* **WHAT YOU SHOULD DO**
Instruction for the entries below: return the part that opens with the line containing "Side-by-side comparison of" and closes with the line containing "而如果你恰好是一個活躍在金融", exactly, and no pictures.

* **RECORD SET**
===

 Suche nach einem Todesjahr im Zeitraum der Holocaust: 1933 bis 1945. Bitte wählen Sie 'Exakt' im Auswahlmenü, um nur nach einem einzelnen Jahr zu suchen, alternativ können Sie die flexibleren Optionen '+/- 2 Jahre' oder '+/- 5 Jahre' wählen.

===

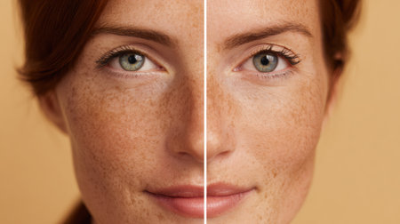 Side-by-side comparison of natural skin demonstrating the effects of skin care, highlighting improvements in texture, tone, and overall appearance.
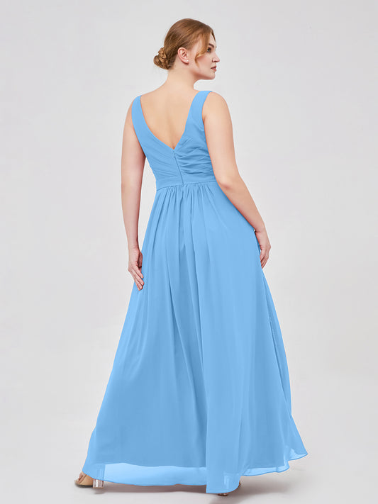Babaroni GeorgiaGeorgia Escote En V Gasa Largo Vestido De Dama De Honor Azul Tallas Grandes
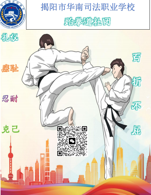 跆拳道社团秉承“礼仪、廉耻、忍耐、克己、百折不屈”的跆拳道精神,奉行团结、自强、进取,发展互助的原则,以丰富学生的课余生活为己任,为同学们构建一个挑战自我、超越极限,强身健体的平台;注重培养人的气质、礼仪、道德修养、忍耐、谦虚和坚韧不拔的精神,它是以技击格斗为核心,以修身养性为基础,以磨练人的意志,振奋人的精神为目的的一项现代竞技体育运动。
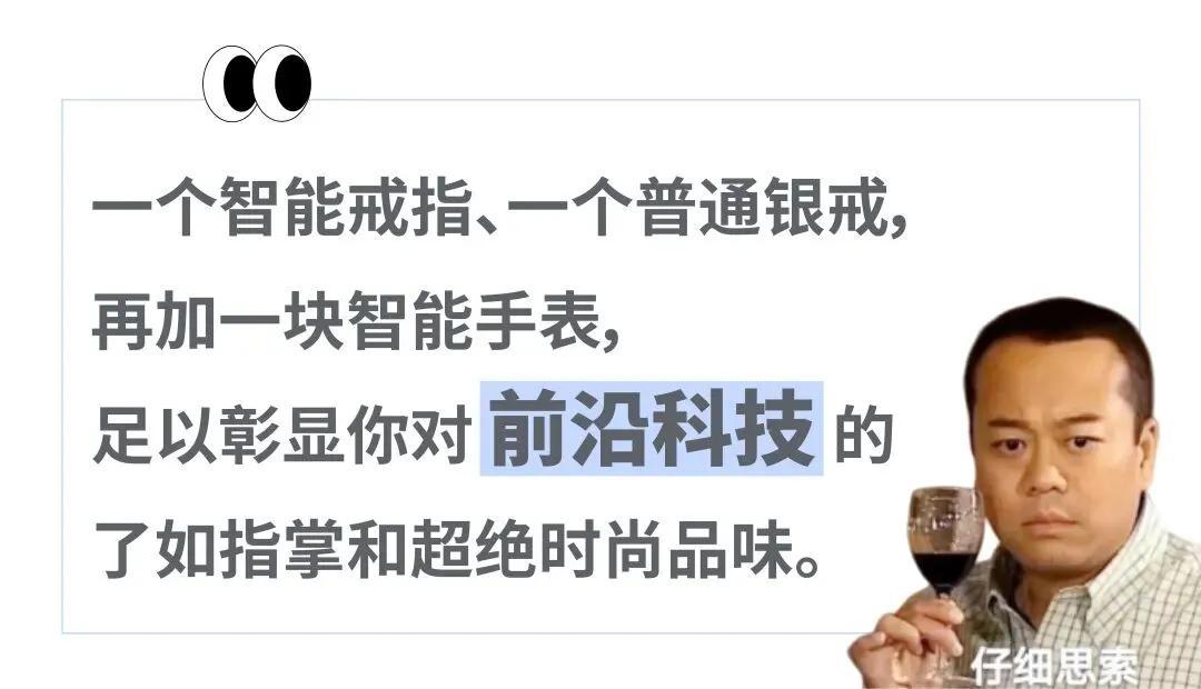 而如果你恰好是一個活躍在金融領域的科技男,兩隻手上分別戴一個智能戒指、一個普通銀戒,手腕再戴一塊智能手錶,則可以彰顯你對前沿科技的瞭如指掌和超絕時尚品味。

===

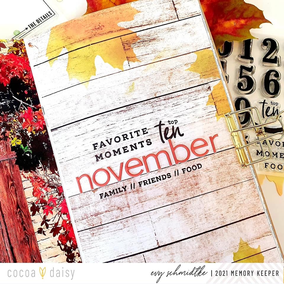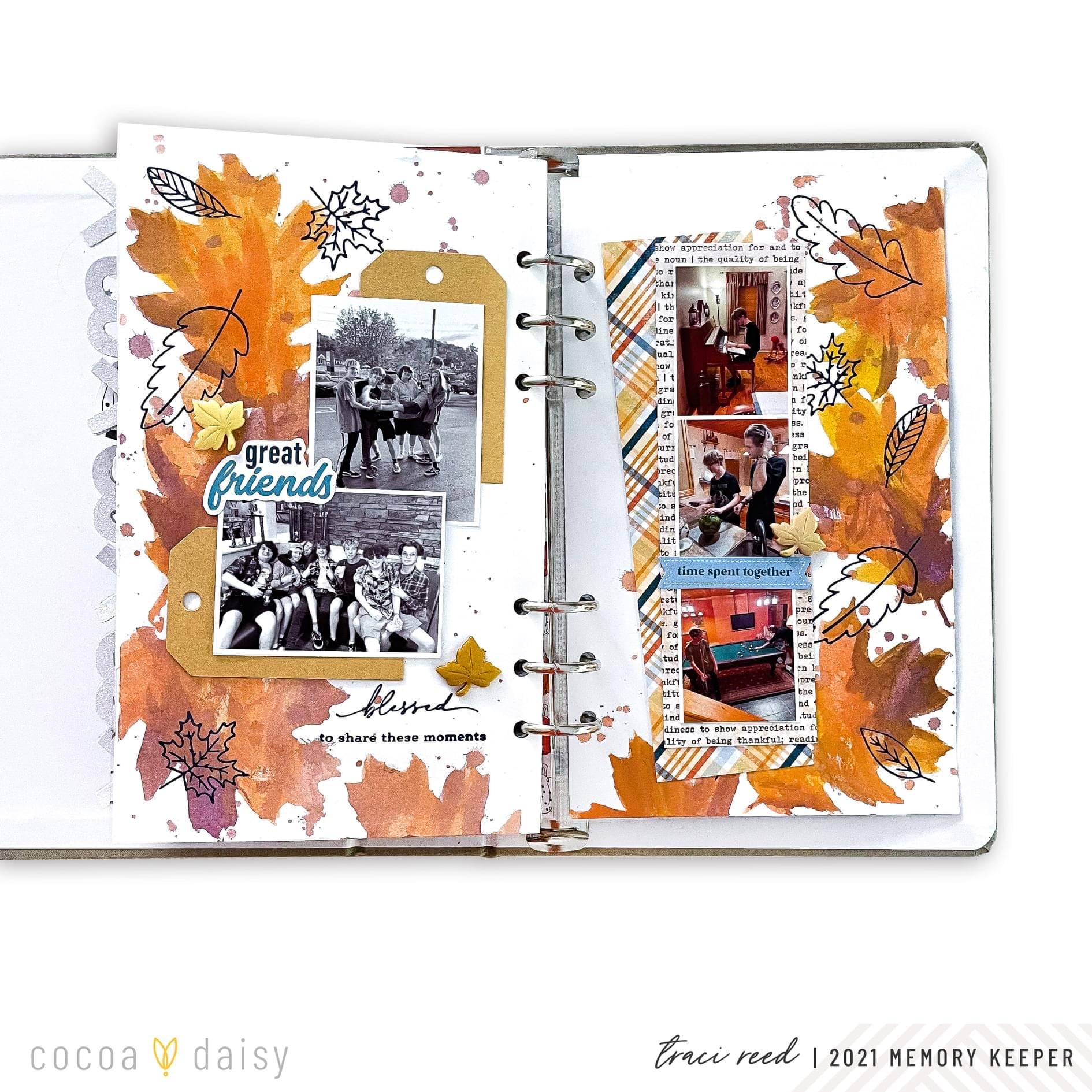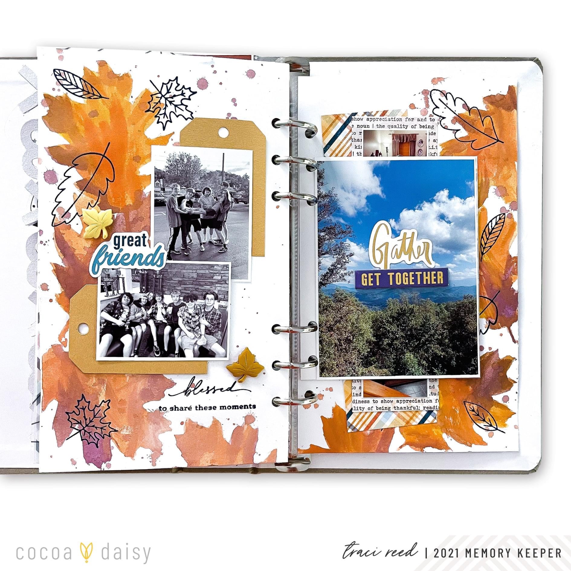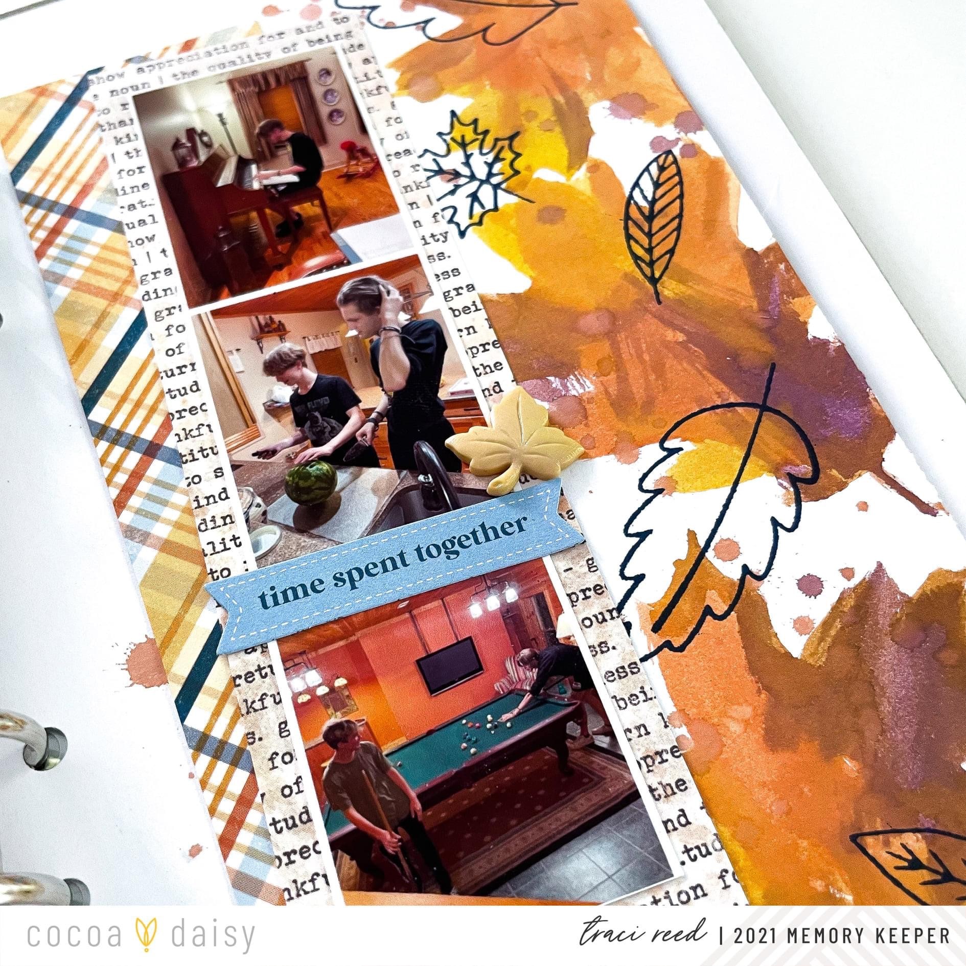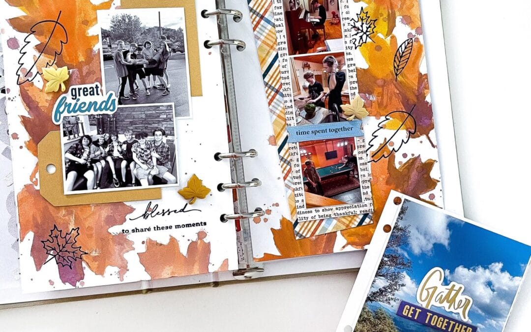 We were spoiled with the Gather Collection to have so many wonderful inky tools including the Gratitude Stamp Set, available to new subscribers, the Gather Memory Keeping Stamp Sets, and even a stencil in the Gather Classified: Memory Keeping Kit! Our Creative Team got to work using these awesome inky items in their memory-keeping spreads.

===

* **WRITTEN SOLUTION**
 Side-by-side comparison of natural skin demonstrating the effects of skin care, highlighting improvements in texture, tone, and overall appearance.
Babaroni GeorgiaGeorgia Escote En V Gasa Largo Vestido De Dama De Honor Azul Tallas Grandes
 跆拳道社团秉承“礼仪、廉耻、忍耐、克己、百折不屈”的跆拳道精神,奉行团结、自强、进取,发展互助的原则,以丰富学生的课余生活为己任,为同学们构建一个挑战自我、超越极限,强身健体的平台;注重培养人的气质、礼仪、道德修养、忍耐、谦虚和坚韧不拔的精神,它是以技击格斗为核心,以修身养性为基础,以磨练人的意志,振奋人的精神为目的的一项现代竞技体育运动。
 而如果你恰好是一個活躍在金融領域的科技男,兩隻手上分別戴一個智能戒指、一個普通銀戒,手腕再戴一塊智能手錶,則可以彰顯你對前沿科技的瞭如指掌和超絕時尚品味。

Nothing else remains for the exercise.